To do: With the pictures left out, please return exactly the line holding "Значок мет. Морские" and each following line until the entries end.

Records shown:

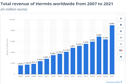 过去十年全球个人奢侈品市场整体保持着较为平稳的增长态势,可以看到爱马仕的营收从2007-2021年也是一直保持线性增长,唯有在疫情爆发年份有所下滑。根据预测,之后五年市场份额将继续保持线性增长,至2028年预估达到4189亿美元。
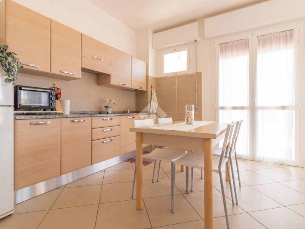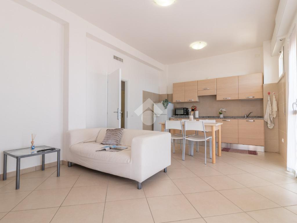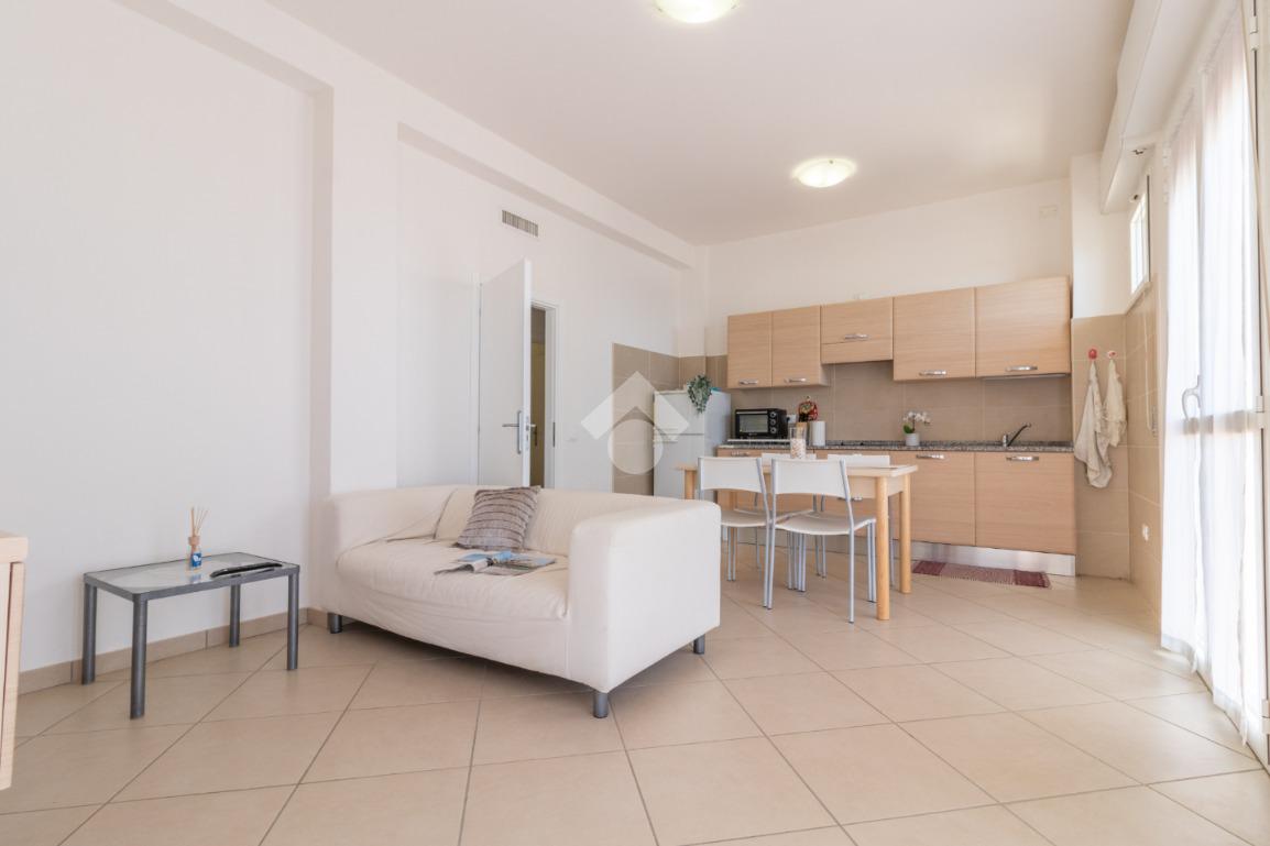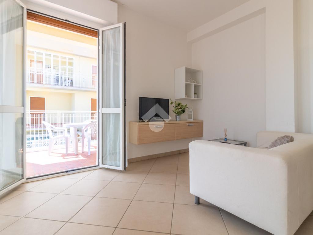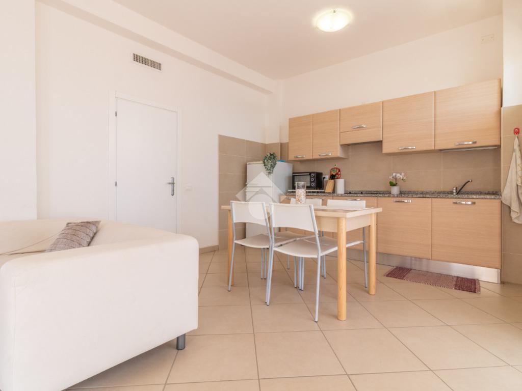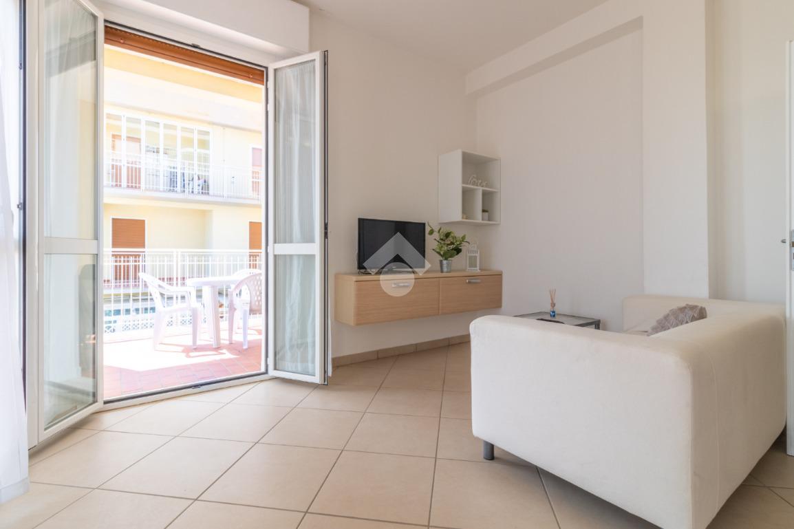 L'immobile è composto da soggiorno con angolo cottura adiacente al terrazzo, camera matrimoniale, camera singola e bagno finestrato con box doccia.
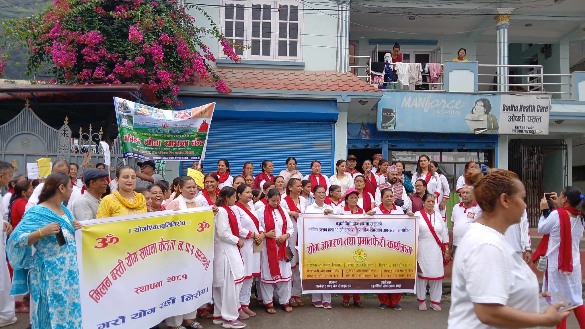 योग जागरण सम्बन्धी प्रेभातफेरि तारकेश्र्व्रर नगरपालिकामा भएको हो । “बज्रयोगिनी साधाना केन्द्रको वार्षिकोत्सब भव्य रुपमा सफल पारौं, गरौ योग- रहौ निरोग, घर घरमा योग जन जनमा योग, महिला सशक्तीकरणका लागि योग, सबैका लागि योग सधैका लागि योग, रक्तदान जीवन दान, लेखिएका प्लेकार्ड र योग जागरण सम्बन्धित ब्यानरहरु सहित कार्यक्रम शुरु भएको थियोे ।
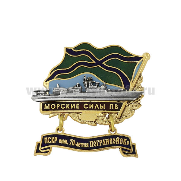 Значок мет. Морские силы ПВ ПСКР "Им. 70-летия Погранвойск" (с накладкой и подвеской) гор. эм
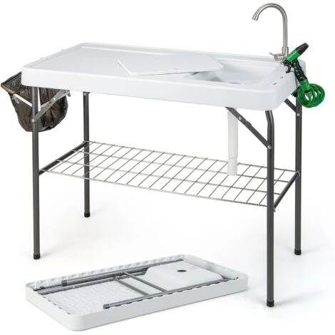 La mesa plegable para limpiar pescado está diseñada con un práctico fregadero para limpiar, un grifo de agua giratorio 360° y una cómoda boquilla de pulverización. Además, existe un conector de 3 vías para conectar el grifo con la boquilla de pulverización y la manguera de jardín estándar de 12,7 mm (no incluida), y una manguera extensible para drenar el agua.

Expected output:
 Значок мет. Морские силы ПВ ПСКР "Им. 70-летия Погранвойск" (с накладкой и подвеской) гор. эм
 La mesa plegable para limpiar pescado está diseñada con un práctico fregadero para limpiar, un grifo de agua giratorio 360° y una cómoda boquilla de pulverización. Además, existe un conector de 3 vías para conectar el grifo con la boquilla de pulverización y la manguera de jardín estándar de 12,7 mm (no incluida), y una manguera extensible para drenar el agua.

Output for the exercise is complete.